ANÁLISE FILOSÓFICA DO FILME: "TROPA DE ELITE 2"



Gerson Nei Lemos Schulz
Professor de Filosofia
na Rede Pública Federal do Brasil

"Este artigo contem spoilers"



Ator Wagner Moura
(Tenente-coronel Nascimento)
Zazem Produções e Globo Filmes, 2010.
"Tropa de Elite 2", produção brasileira de 2010 da "Zazem Produções" e da "Globo Filmes", dirigido por José Padilha, com Wagner Moura (Tenente-coronel Nascimento), André Ramiro (Capitão Matias), Milhem Cortaz (Tenente-coronel Fábio), Irandhir Santos (Deputado Fraga), Seu Jorge (presidiário Beirada), Sandro Rocha (o miliciano Major Rocha), André Mattos (Deputado Fortunato) e Tainá Müller (repórter Clara) além de outros personagens, é um filme que mostra as atividades de um tipo de braço armado (ou paramilitar) conhecida nos morros cariocas como "milícias".

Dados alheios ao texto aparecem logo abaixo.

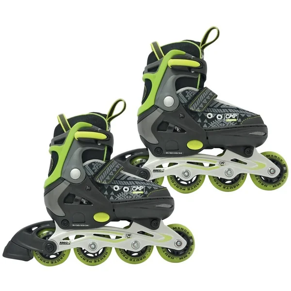 Rollers en ligne, réglables par bouton poussoir pour l’initiation et le perfectionnement. Serrage de la chaussure par laçage (blocage lacet intégré), boucles crantées à 2 têtes, fermetures sécurisées avec clip. Chaussons intérieurs réglables en taille, mousse grand confort, et languettes renforcées. Pied droit équipé d’un frein arrière caoutchouc. Châssis composite à 4 roues. Roues PU coulé, profil convex. Taille 70 x 24 mm. Roulements ABEC 7. Rollers de classe B : destinés aux patineurs dont le poids est compris entre 20 et 60 kilos, et dont la longueur du pied n’excède pas 260 mm. Kit de maintenance inclus : 1 frein et 1 axe court, vis de rechange et 2 clés embout Hex. Taille : 35-38.

O filme argumenta que a origem de parte da violência é a corrupção instalada não só no dia a dia das pessoas, mas nas esferas do Estado onde a força policial é dividida entre os policiais honestos e os corruptos – estes últimos a serviço ou associados da classe política corrupta – tanto no Executivo quanto no Legislativo. O filme de Padilha mostra a cultura da promiscuidade político-partidária quando aponta que vários são os políticos que se beneficiam do dinheiro das drogas e oriundo de outros serviços controlados pela milícia na periferia carioca como a venda de sinais de internet e TV a cabo piratas, distribuição de gás, água e outras mercadorias dentro das favelas com ágio ou impostos – inexistentes legalmente – que financiam as atividades da milícia. Também são cobradas (como faz há anos a Máfia italiana) mensalidades por "proteção" aos comerciantes.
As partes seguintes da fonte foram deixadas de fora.